转置存储在一维数组中的矩阵，无需使用额外的内存 [英] Transpose matrix stored in a 1-dimensional array without using extra memory

问题描述

可能重复：

就地置换矩阵

最近参加了技术书面面试。遇到了以下问题。

我有一个数组，例如

  testArray = {a1，a2，a3，... an，b1，b2，b3，.... bn，c1，c2，c3，.....，cn} 
  

我需要将此数组排序为`

  testArray = {a1，b1，c1，a2，b2，c2，a3，b3，c3，.....，an，bn，cn} 
  

约束是我不应该使用额外的内存，也不应该使用任何内置函数。
应该编写完整的代码，可以使用任何语言，也可以使用任何数据结构。

例如：

 输入：{1,2,3,4,5,6,7,8,9}，n = 3 
 
输出：{ 1,4,7,2,5,8,3,6,9} 
  

我无法得到约束内的任何解决方案，有人可以提供解决方案或建议吗？

解决方案

这只是矩阵转置操作。甚至在Wikipedia上就地矩阵转置都存在问题和解决方案。 p>

没有多余的空间是不可能的，因为您至少需要遍历数组。 O（1）可能会增加内存，但时间复杂度会受到严重影响。

该解决方案基于Wikipedia页面中的循环跟踪算法：对于每个单元格，我们将找到循环中索引最小的单元格。

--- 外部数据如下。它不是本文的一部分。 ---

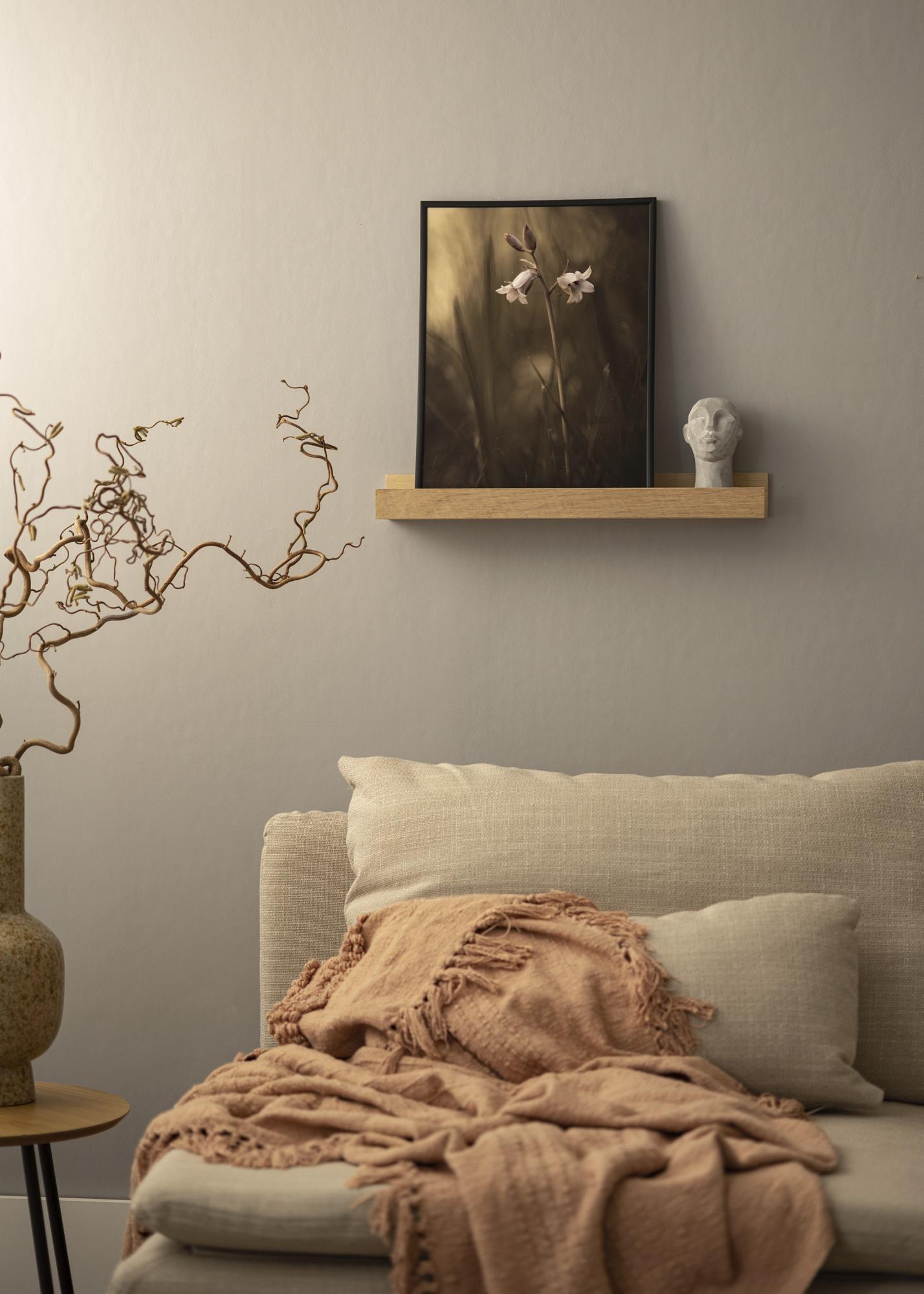 Notez que l'étagère pour cadre étant en chêne massif, des variations de couleur naturelles peuvent se produire. L'étagère porte-cadre est traitée avec une huile transparente protectrice.

如果具有最小索引的单元格大于或等于（> =）当前单元格的索引，我们将执行链交换。否则，我们将忽略该单元格，因为它已正确交换。 （经过松散分析的）时间复杂度的上限可能高达O（（MN） ² ）（我们经过M * N个单元，周期只能与总数相等单元格。）

Possible Duplicate:
In-place transposition of a matrix

Recently attended an Technical Written Interview. Came through the following question.

I have an array as say

testArray = {a1,a2,a3,...an,b1,b2,b3,....bn,c1,c2,c3,.....,cn}

I need to sort this array as `

testArray = {a1,b1,c1,a2,b2,c2,a3,b3,c3,.....,an,bn,cn}

Constraint is I should not use extra memory, should not use any inbuilt function. Should write complete code, it can be in any language and can also use any data structure.

eg:

Input: {1,2,3,4,5,6,7,8,9}, n = 3

Output: {1,4,7,2,5,8,3,6,9}

I could not get any solution within the constraint, can anyone provide solution or suggestion?

解决方案

This is just a matrix transpose operation. And there is even a problem and solution for in-place matrix transposition on Wikipedia.

No extra space is impossible, since you need to at least go through the array. O(1) additional memory is possible, with heavy penalty on the time complexity.

The solution is built on follow-the-cycle algorithm in the Wikipedia page: for each cell, we will find the cell with the smallest index in the cycle. If the cell with the smallest index is greater than or equal (>=) to the index of the current cell, we will perform chain swapping. Otherwise, we ignore the cell, since it has been swapped correctly. The (loosely analyzed) upper bound on time complexity can go as high as O((MN)²) (we go through M * N cells, and the cycle can only be as long as the total number of cells).

这篇关于转置存储在一维数组中的矩阵，无需使用额外的内存的文章就介绍到这了，希望我们推荐的答案对大家有所帮助，也希望大家多多支持IT屋！